A discriminação interseccional apresenta-se como produto das posições de

marginalização que as mulheres migrantes são forçadas a assumir, sendo crucial analisar-se

o modo como estas múltiplas pertenças determinam a vulnerabilidade à vitimação

(Crenshaw, 1991), nomeadamente à vitimação sexual. Enunciaremos de seguida os

contributos da teoria da interseccionalidade para o estudo das migrações e do tráfico de

mulheres, principalmente para fins de exploração sexual.
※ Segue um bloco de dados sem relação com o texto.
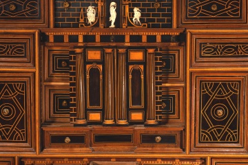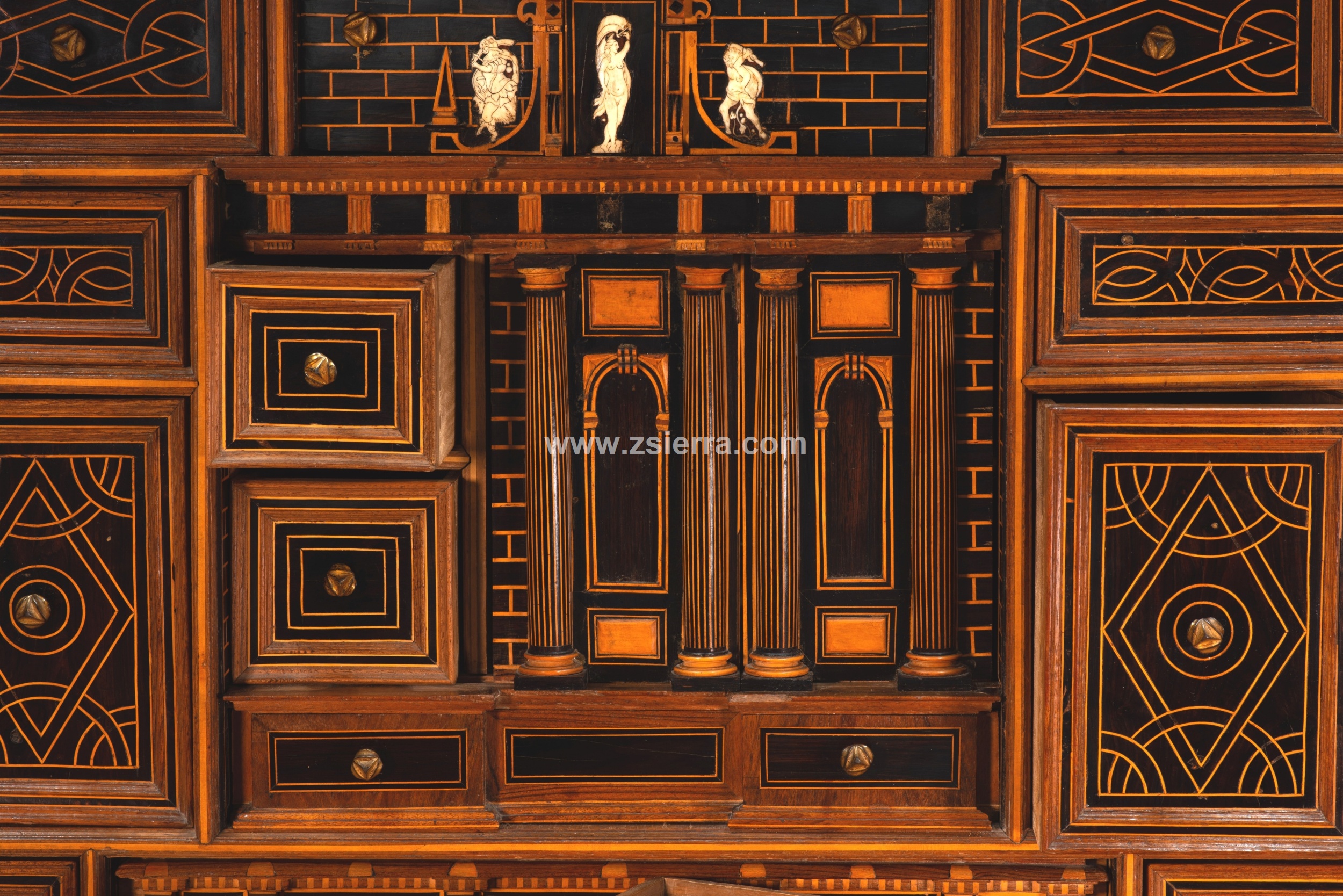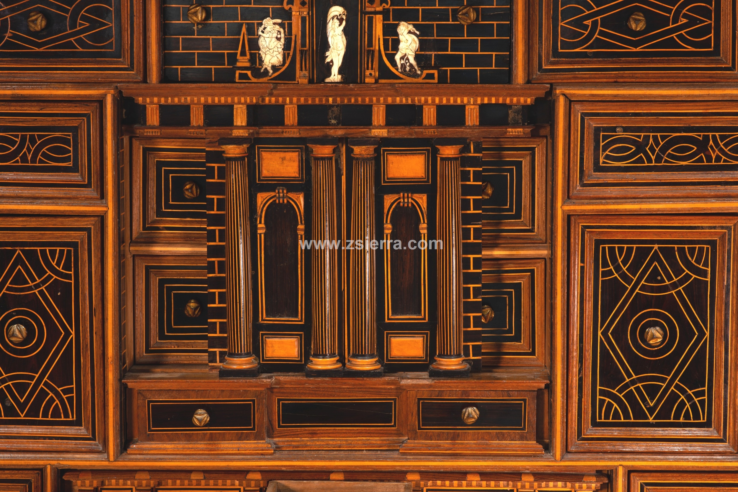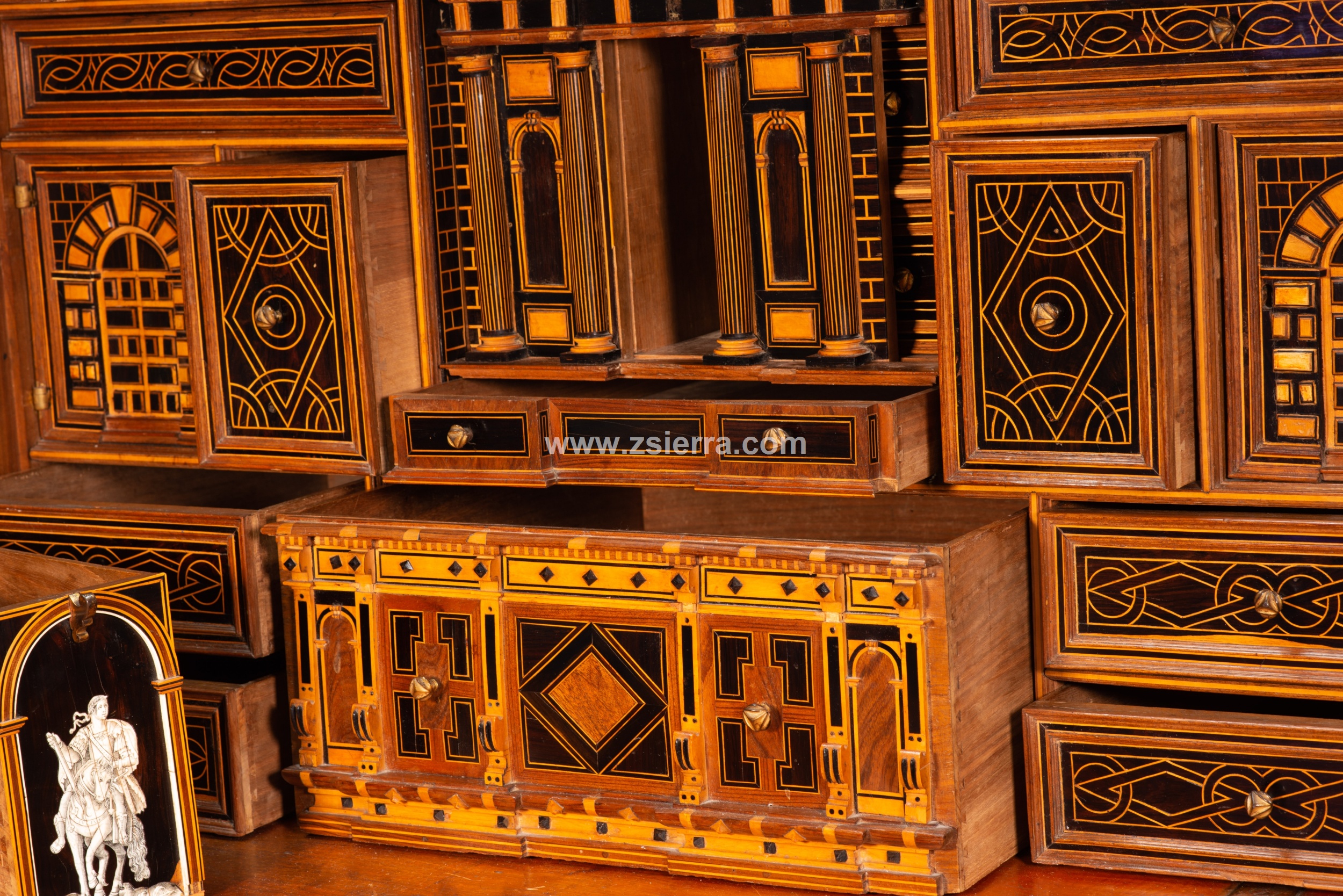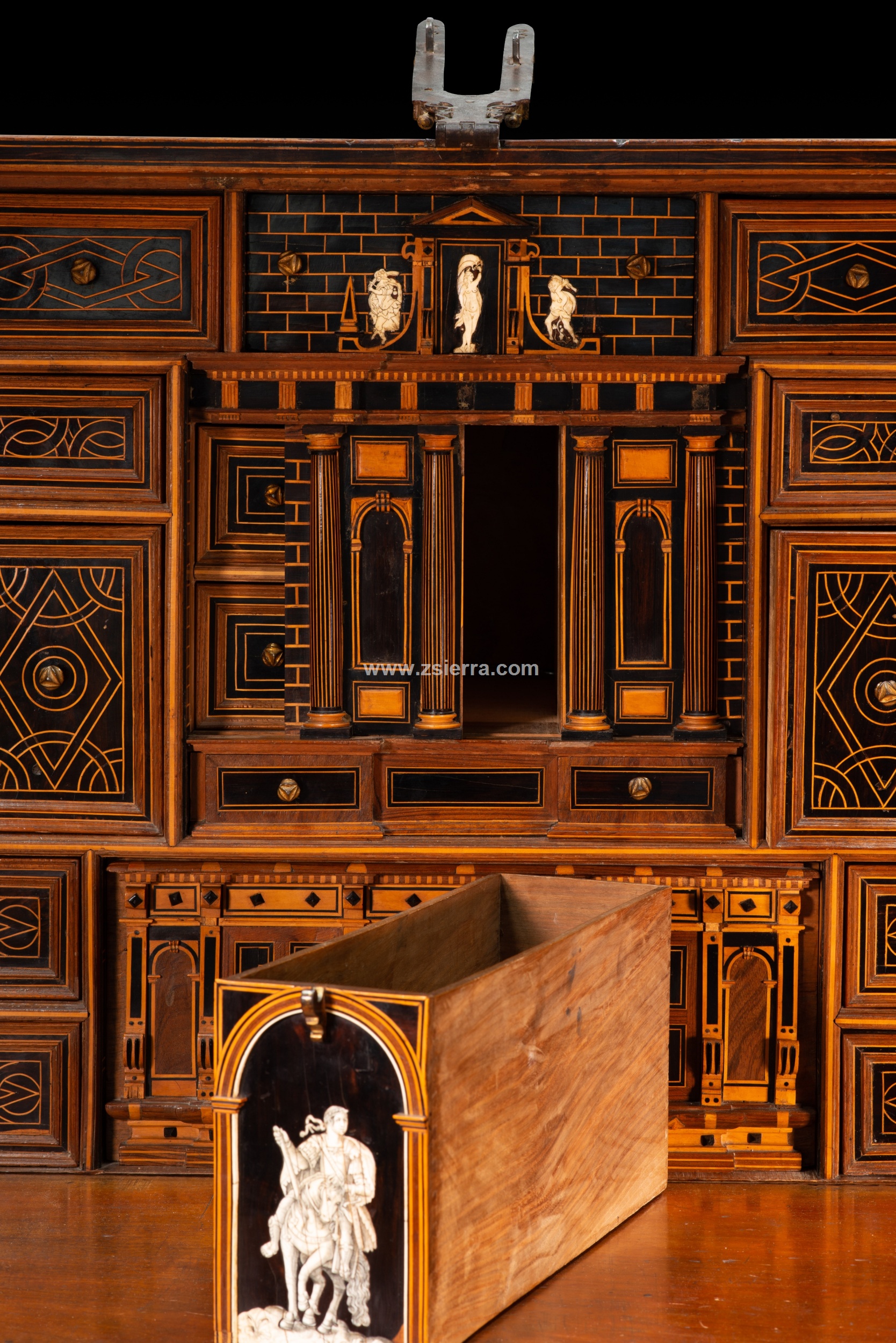 Esa composición de Arco de Triunfo del nivel medio que se prolonga en el superior muestra, en el arco central de la parte inferior, un personaje masculino montando a caballo, vestido a la manera clásica y con una corona de laureles, como si fuera un Emperador romano. Compárese este jinete con un grabado (un ejemplar en el British Museum de Londres, inventario 1957,0413.166) de la serie “Imperatorum XII” que representa a Julio Cesar (en las riendas del caballo de la figura de la papelera aparece la inscripción “C. IVULIVS C.”) y fue realizado por Adriaen Collaert siguiendo a Jan van der Straet, publicado por Philips Galle en Amberes, fechado entre hacia 1587-1587. La parte superior cuenta con una figura femenina desnuda, flanqueada por un guerrero y un “salvaje” con barba (iconografía está muy común desde el Renacimiento en España). La parte inferior tiene un cajón, la central otro (justo donde el jinete) y los laterales se mueven ocultando más cajones, otro cajón en la superior.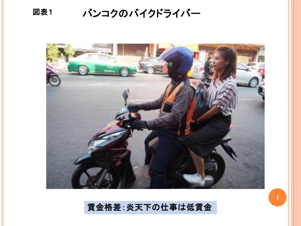 図表1 にあるように、典型例が バイクタクシー運転手 です。ほぼ男性です。

Tudo o que até agora foi dito

mostra a importância de discutir o enfrentamento ao Tráfico de Pessoas a partir de uma

perspectiva de Direitos Humanos que considere as mulheres:

[...] como sujeitos atuantes, auto-determinados e posicionados de maneira

diferente, capazes não só de negociar e concordar, mas também de

conscientemente opor-se e transformar relações de poder, estejam estas

enraizadas nas instituições de escravidão, prostituição, casamento, lar ou

mercado de trabalho (KEMPADOO, 2005, pg.61-62).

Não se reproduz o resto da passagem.